StillMills - Are you saying that you had agreed to go interest-only for a number of years? Can you confirm the amount outstanding on the mortgage, years outstanding, current rate, market value (realistic) of the property? Monthly rental income? How many years were you into the mortgage?


----------



## Brendan Burgess (5 Jul 2009)

> This is such a beautiful house that I do not want to part with it under any circumstances.



This worries me. Is this not a financial investment which is providing for your retirement? If so, you should be taking a very blunt, unemotional approach to it. "Beautiful" when it comes to investment means a good rental yield and low risk. 

You don't need to do anything for three years, do you? Wait until you see how you are fixed then. If the loan to value is low and you are not in arrears, the bank may well extend the mortgage. 

If the house might be suitable for one of your children, then it might make sense for them to live in it. After three years, you could give it to them and they would not incur any Capital Acquisistions Tax. 

But the main thing is that three years is a long way away and you should not worry too much about it now.

Brendan


----------



## StillaMellis (5 Jul 2009)

Thanks all. 

Dubrov
Regarding the calculation of the repayment of the amount owed I simply programmed MS Excel to do the calculations. Since the rental income was €18,900 last year that allows a figure of €1575 per month to maintain the house, pay taxes, & service the loan. The current interest only charge per month is €610.00 with a further €30 insurance. This is being paid to the bank at the moment. In three years time the bank may become difficult and I want to have an alternative plan in place to retain ownership of the house.
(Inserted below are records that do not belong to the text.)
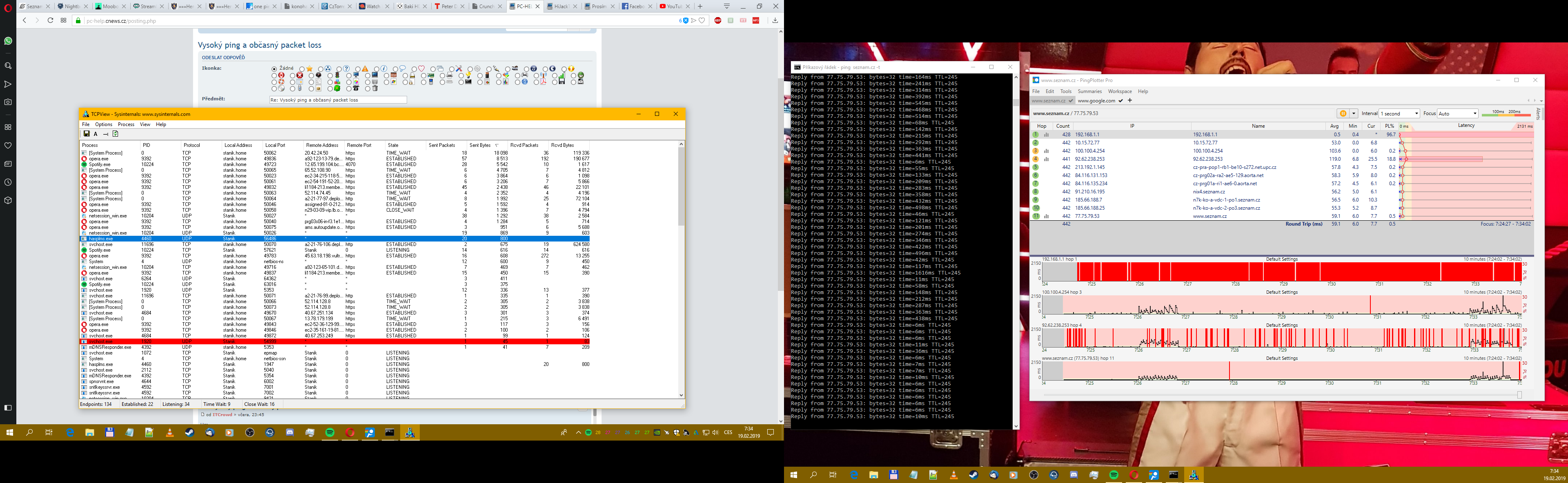 2. snímek akorát během psaní se zvýšil ping a nestihl jsem určit, jaký problem by to mohl být.Ani na jeden [system process] nešlo zobrazit detaily.
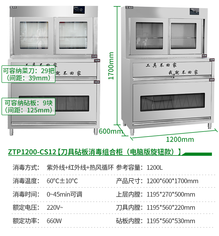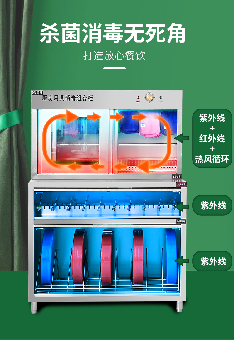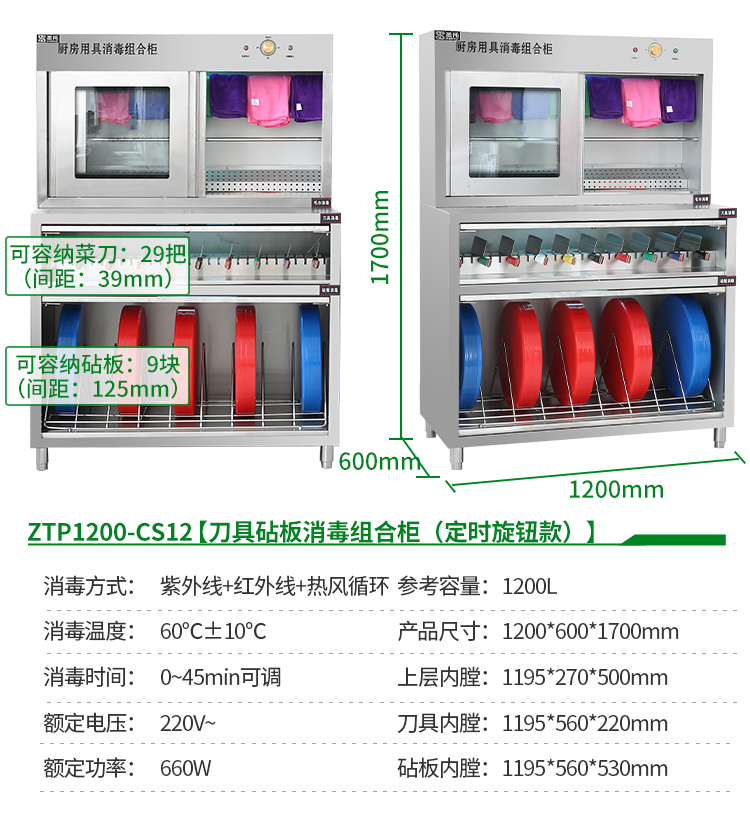 商品名称:圣托(Shentop)厨房菜刀砧板消毒柜 紫外线毛巾刀具消毒柜商用 4D厨房组合消毒柜 ZTP1200-CS12 不锈钢色
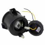 Acompanha suportes para a posição do farol e uma capa para a proteção das saídas elétricas.

Incidentally when we bought the house we had more than enough to buy it outright: in Bank of Ireland shares. Why we didn't simply sell the shares and buy the house without a mortgage I'll never know. 

Describing the house as "beautiful" was a slip. I was using the language used when advertising it to prospective tenants. 

As for other collateral to cover the negative equity we have that as well in plenty. We would prefer not to have to part with any the other properties either however. If an investor decides to get involved sufficient security will be put in place to make him happy. I haven't worked out what to do if the investor wants to pull out of the deal after four or five years. Perhaps the price of houses will have begun to rise again by then? 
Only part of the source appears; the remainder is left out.